1) First of all, we note that this is a code for a positive number, since the digit number 63 contains a zero. Let's get the order of this number: 01111111110 (2) = 1022 (10) ; 1022 - 1023 = -1. 2) The number looks like 1.1100011-2“ 1 or 0.11100011. 3) Converting to the decimal number system we get 0.88671875.

To represent information in computer memory (both numeric and non-numeric), a binary coding method is used.

An elementary computer memory cell is 8 bits (bytes) long. Each byte has its own number (it is called address). The largest sequence of bits that a computer can process as a single unit is called in machine words. The length of a machine word depends on the processor bit depth and can be 16, 32, 64 bits, etc.

BCD encoding

In some cases, when representing numbers in computer memory, a mixed binary-decimal “number system” is used, where each decimal place requires a nibble (4 bits) and the decimal digits from 0 to 9 are represented by the corresponding binary numbers from 0000 to 1001. For example, packed The decimal format, designed to store integers with 18 significant digits and occupying 10 bytes in memory (the most significant of which is signed), uses exactly this option.

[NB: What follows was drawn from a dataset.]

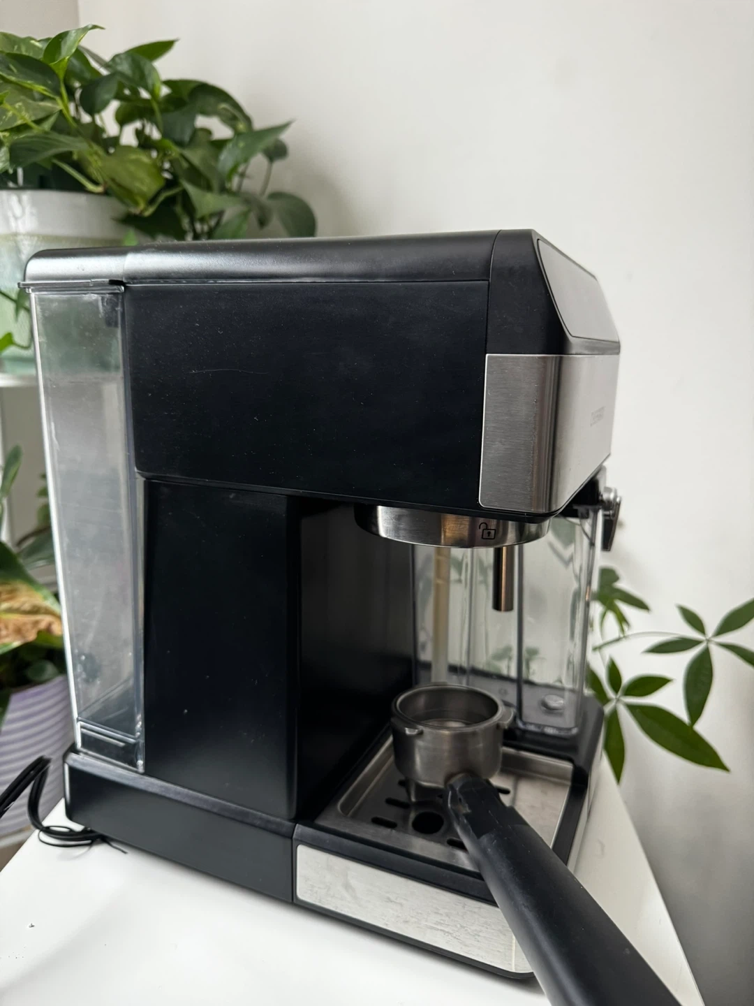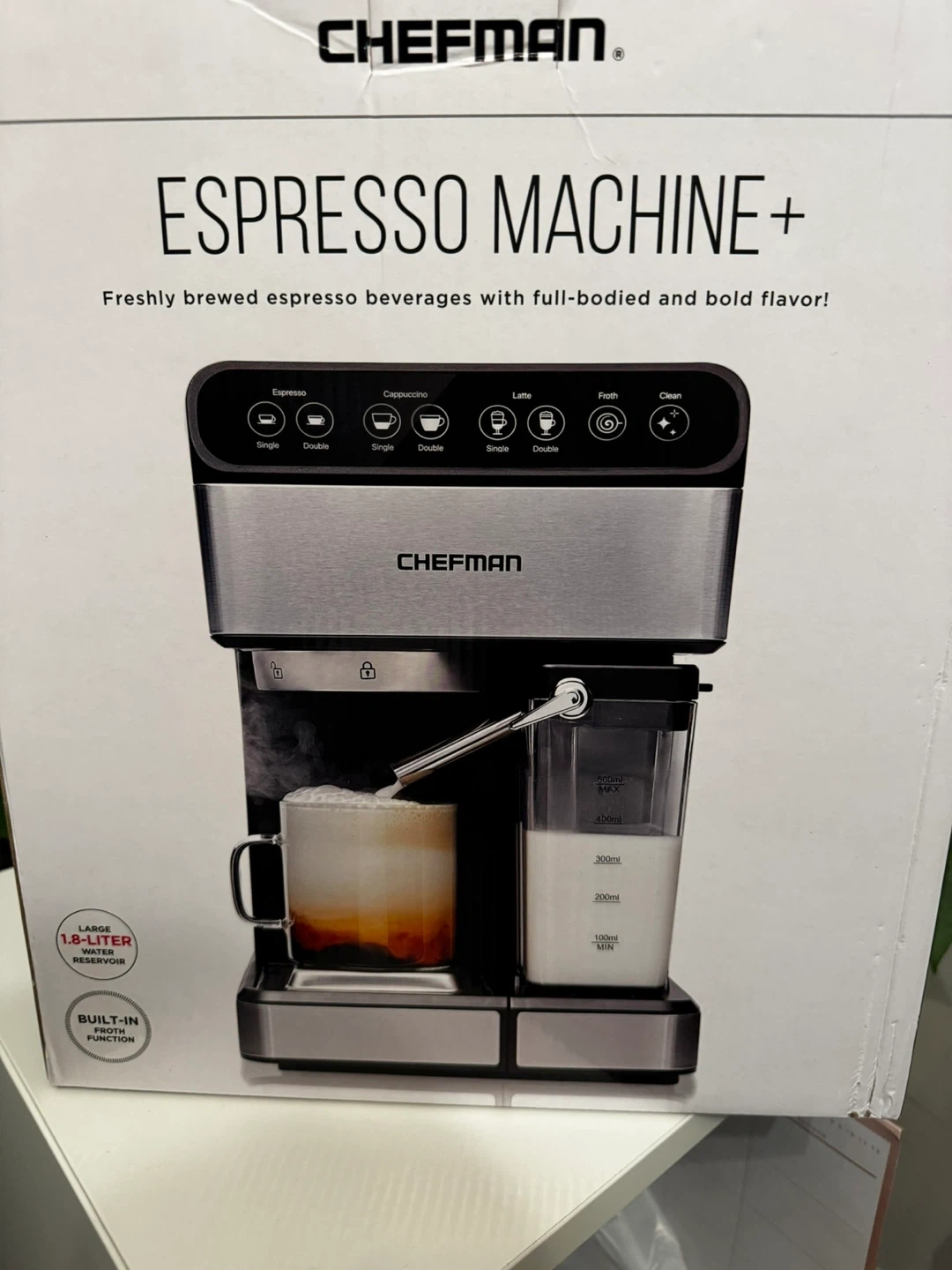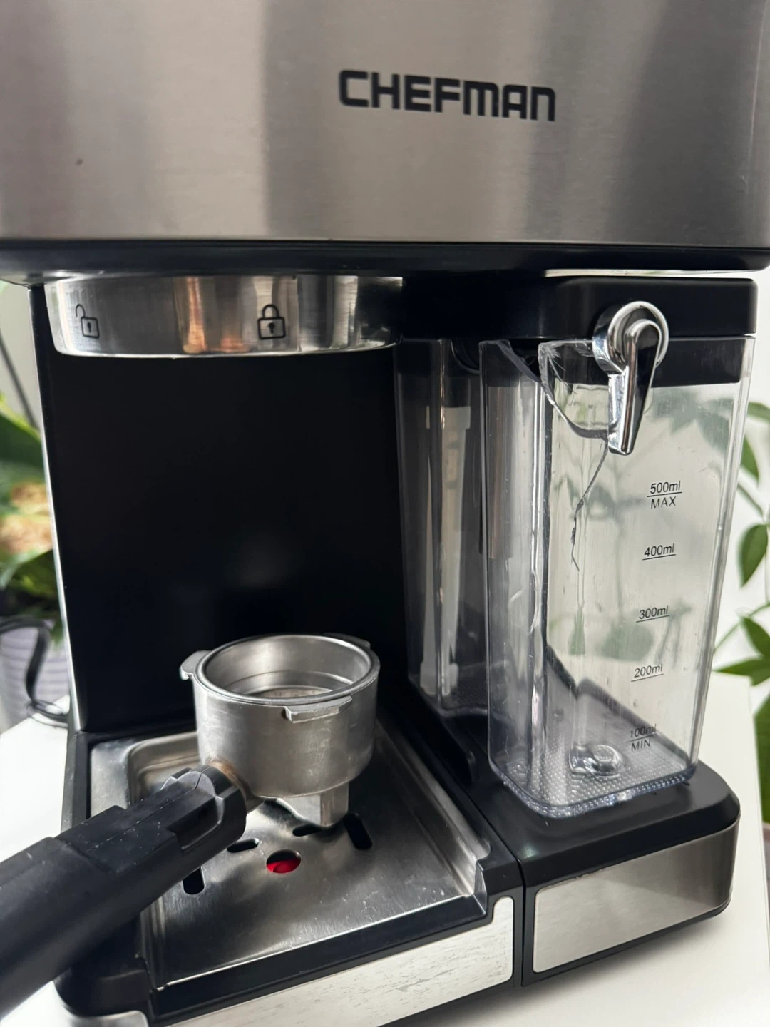 I'm selling a Chefman Espresso Machine+. It's a 6-in-1 beverage center with a powerful 15-bar pump. It can brew café-quality espresso, cappuccinos, lattes, and more! It also has a large 1.8-liter reservoir.The milk container cracked a little bit but working well.

Representing integers in two's complement

Another way to represent integers is additional code. The range of value values ​​depends on the number of memory bits allocated for their storage. For example, values ​​of type Integer (all data type names here and below are presented in the form in which they are accepted in the Turbo Pascal programming language. Other languages ​​also have such data types, but may have different names) lie in the range from -32768 ( -2 15) to 32767 (2 15 - 1) and 2 bytes (16 bits) are allocated for storing them; type LongInt - in the range from -2 31 to 2 31 - 1 and are located in 4 bytes (32 bits); Word type - in the range from 0 to 65535 (2 16 - 1) (2 bytes are used), etc.

As can be seen from the examples, the data can be interpreted as signed numbers, so unsigned. When representing a signed quantity, the leftmost (most significant) digit indicates a positive number if it contains a zero, and a negative number if it contains a one.

In general, bits are numbered from right to left, starting from 0. The numbering of bits in a two-byte machine word is shown below.

Additional code positive number coincides with its direct code. The direct code of an integer can be obtained as follows: the number is converted to the binary number system, and then its binary notation on the left is supplemented with as many insignificant zeros as required by the data type to which the number belongs.

For example, if the number 37 (10) = 100101 (2) is declared as a value of type Integer ( sixteen-bit signed), then its direct code will be 0000000000100101, and if the value is of type LongInt ( thirty-two-bit signed), then its direct code will be. For a more compact notation, hexadecimal representation of the code is often used. The resulting codes can be rewritten respectively as 0025 (16) and 00000025 (16).

A negative integer's complement can be obtained using the following algorithm:

1. write down the direct code of the modulus of the number;
2. invert it (replace ones with zeros, zeros with ones);
3. add one to the inverse code.

For example, let's write down the additional code of the number -37, interpreting it as a LongInt value (signed thirty-two bits):

1. there is a direct code for the number 37;
2. inverse code;
3. additional code or FFFFFFDB (16) .

When obtaining a number from its complement code, first of all it is necessary to determine its sign. If the number turns out to be positive, then simply convert its code to the decimal number system. In case of a negative number, the following algorithm must be performed.